Dataset extract =>
· · ·
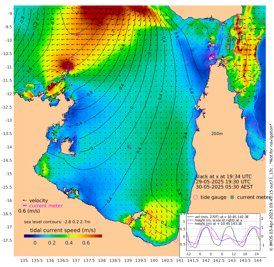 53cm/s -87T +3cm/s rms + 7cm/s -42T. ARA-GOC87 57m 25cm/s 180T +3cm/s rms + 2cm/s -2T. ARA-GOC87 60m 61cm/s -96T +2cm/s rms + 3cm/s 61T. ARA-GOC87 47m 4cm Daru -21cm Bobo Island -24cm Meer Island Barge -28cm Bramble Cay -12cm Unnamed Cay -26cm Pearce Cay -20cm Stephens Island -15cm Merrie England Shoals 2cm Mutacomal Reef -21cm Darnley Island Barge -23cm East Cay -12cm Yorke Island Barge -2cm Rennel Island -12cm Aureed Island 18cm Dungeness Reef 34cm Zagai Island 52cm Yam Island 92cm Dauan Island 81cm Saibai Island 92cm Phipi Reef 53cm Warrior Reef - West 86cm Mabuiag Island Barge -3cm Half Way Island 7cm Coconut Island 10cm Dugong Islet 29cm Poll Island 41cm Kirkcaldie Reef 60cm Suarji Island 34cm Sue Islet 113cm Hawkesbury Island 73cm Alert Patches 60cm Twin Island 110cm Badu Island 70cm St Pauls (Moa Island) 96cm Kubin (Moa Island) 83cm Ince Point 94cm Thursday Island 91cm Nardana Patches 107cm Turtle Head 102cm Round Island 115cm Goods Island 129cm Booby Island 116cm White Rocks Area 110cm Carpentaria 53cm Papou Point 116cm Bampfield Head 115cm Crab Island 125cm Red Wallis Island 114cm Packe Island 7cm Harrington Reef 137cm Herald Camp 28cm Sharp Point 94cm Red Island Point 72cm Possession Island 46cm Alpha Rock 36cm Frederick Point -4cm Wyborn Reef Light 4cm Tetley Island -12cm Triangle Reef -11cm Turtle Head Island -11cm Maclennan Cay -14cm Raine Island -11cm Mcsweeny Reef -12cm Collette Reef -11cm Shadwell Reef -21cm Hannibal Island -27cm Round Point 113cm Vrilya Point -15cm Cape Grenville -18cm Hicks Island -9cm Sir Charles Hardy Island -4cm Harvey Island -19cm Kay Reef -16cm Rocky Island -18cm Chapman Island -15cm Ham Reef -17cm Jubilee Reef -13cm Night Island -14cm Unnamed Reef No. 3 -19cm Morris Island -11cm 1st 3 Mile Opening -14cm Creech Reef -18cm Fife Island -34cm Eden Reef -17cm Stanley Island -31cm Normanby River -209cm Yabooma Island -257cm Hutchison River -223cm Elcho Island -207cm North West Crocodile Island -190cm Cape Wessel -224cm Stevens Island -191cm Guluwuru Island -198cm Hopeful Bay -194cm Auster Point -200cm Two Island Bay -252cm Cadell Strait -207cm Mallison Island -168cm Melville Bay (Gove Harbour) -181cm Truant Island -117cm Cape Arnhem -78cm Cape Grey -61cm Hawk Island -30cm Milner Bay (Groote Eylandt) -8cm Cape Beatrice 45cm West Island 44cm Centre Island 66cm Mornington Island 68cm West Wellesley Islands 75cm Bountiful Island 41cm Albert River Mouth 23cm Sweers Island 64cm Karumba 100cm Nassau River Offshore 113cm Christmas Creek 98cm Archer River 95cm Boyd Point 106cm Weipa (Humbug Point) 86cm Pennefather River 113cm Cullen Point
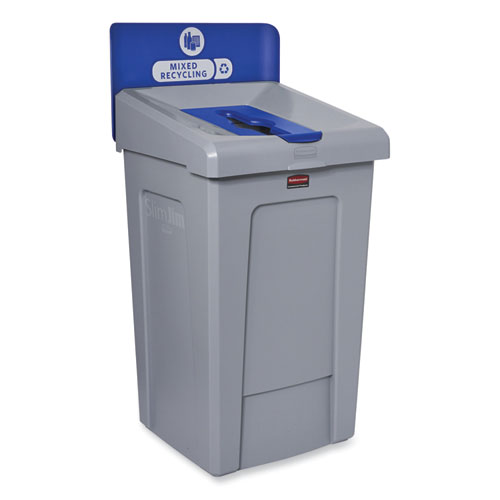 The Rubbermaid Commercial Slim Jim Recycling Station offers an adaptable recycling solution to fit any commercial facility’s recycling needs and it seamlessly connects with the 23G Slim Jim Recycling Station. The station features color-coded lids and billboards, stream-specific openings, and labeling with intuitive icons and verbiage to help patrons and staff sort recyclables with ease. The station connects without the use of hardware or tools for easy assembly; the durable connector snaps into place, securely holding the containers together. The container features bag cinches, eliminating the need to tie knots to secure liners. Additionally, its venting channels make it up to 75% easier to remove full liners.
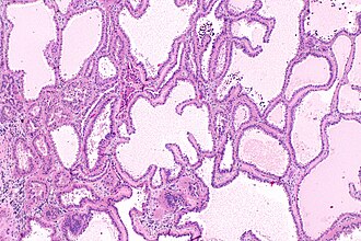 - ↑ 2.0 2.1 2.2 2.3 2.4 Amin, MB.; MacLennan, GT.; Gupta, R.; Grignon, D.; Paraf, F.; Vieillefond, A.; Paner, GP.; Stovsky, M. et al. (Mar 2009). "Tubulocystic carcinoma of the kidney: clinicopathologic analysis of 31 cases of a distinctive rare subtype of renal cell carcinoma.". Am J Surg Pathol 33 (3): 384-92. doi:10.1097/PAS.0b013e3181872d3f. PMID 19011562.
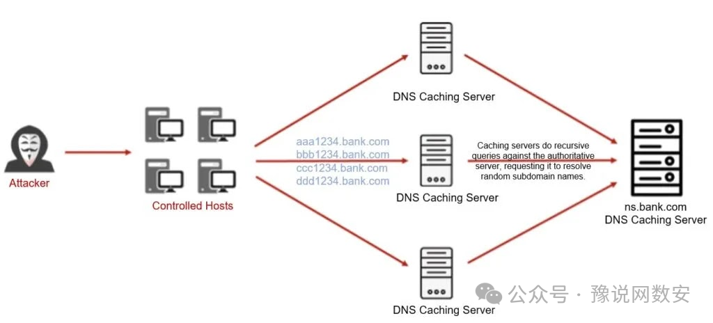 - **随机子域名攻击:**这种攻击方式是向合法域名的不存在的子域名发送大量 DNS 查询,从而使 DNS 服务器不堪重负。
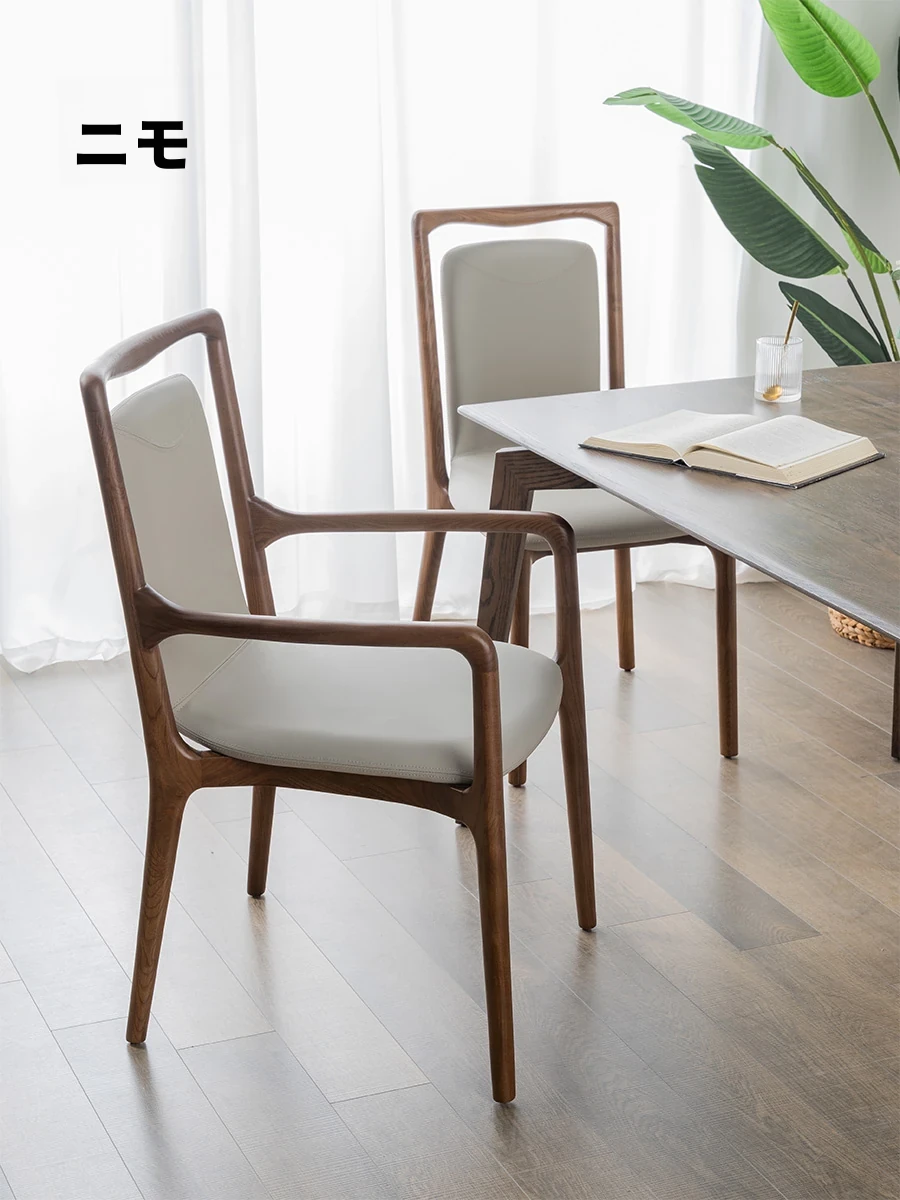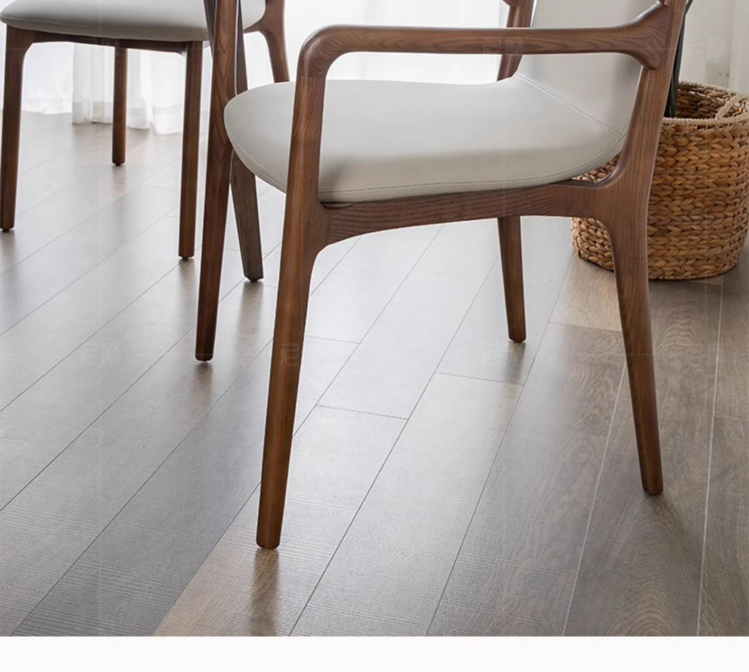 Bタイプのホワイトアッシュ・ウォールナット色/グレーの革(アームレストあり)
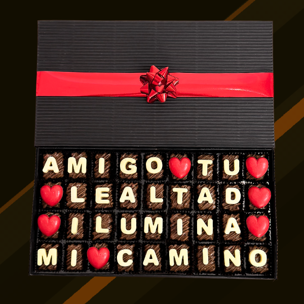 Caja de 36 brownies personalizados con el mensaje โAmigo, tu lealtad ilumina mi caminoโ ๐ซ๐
· · ·
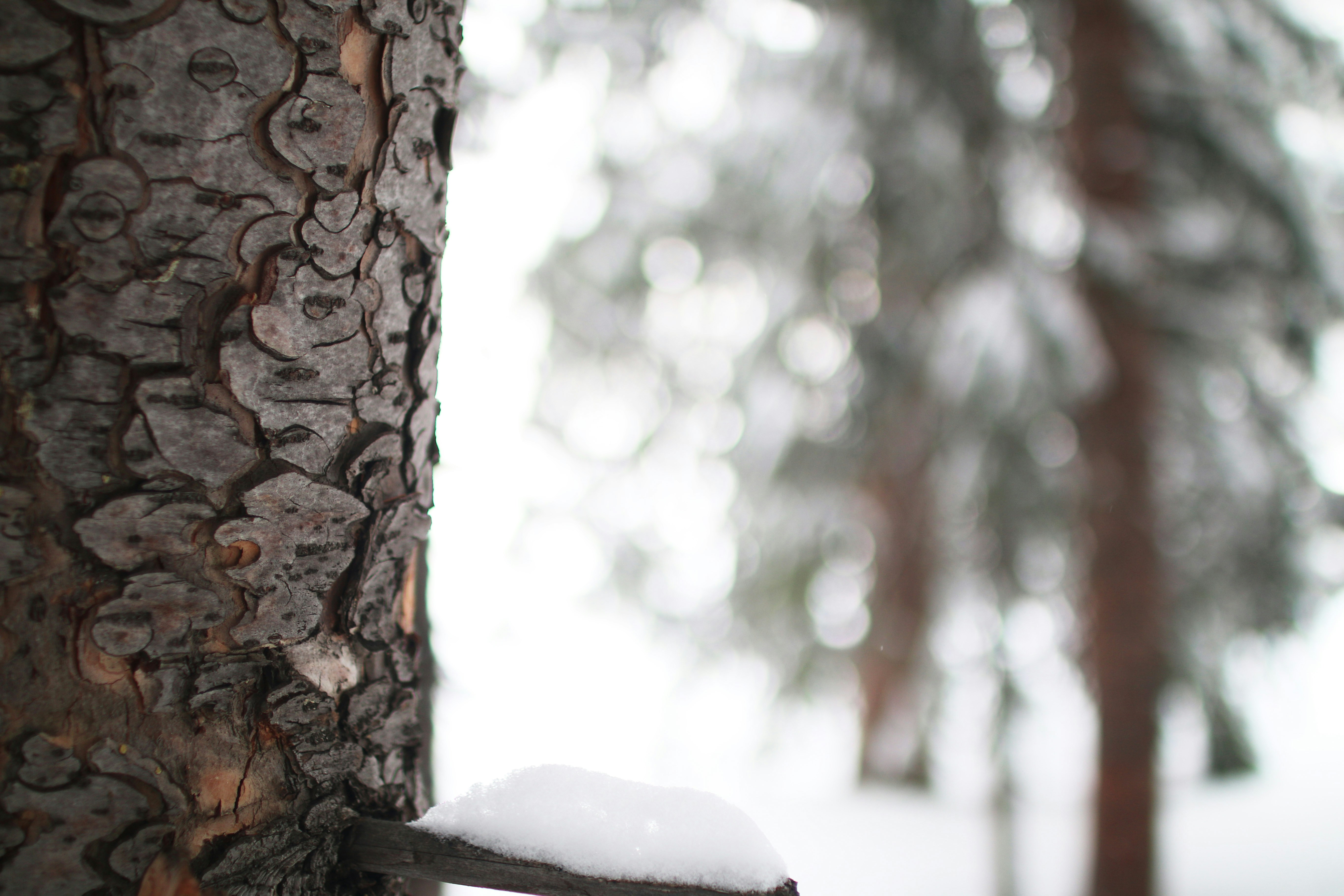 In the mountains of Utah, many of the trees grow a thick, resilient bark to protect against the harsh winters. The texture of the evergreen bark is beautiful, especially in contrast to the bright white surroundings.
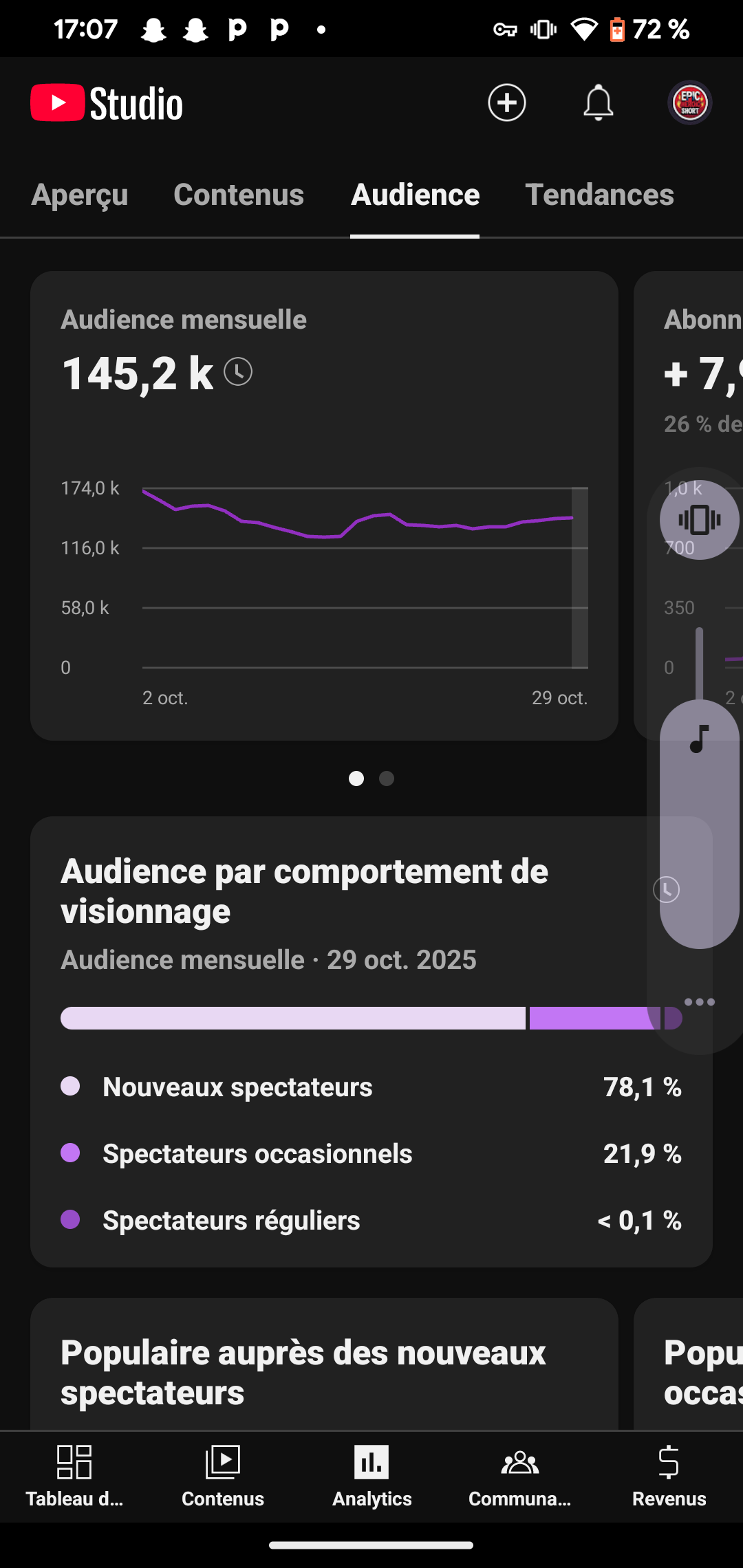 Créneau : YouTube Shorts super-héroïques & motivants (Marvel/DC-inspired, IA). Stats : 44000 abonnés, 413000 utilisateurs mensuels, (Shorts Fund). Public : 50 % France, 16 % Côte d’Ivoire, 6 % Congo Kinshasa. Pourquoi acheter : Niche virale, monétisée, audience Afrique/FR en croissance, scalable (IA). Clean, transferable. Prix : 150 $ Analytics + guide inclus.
· · ·
What you should do =>
Transcribe, word for word, the lines of the listing above from the one that contains "Bタイプのホワイトアッシュ・ウォールナット色/グレーの革(アームレストあり)" through the one that contains "Caja de 36 brownies", keeping both ends and dropping the pictures.

The completed task =>
 Bタイプのホワイトアッシュ・ウォールナット色/グレーの革(アームレストあり)
 Caja de 36 brownies personalizados con el mensaje โAmigo, tu lealtad ilumina mi caminoโ ๐ซ๐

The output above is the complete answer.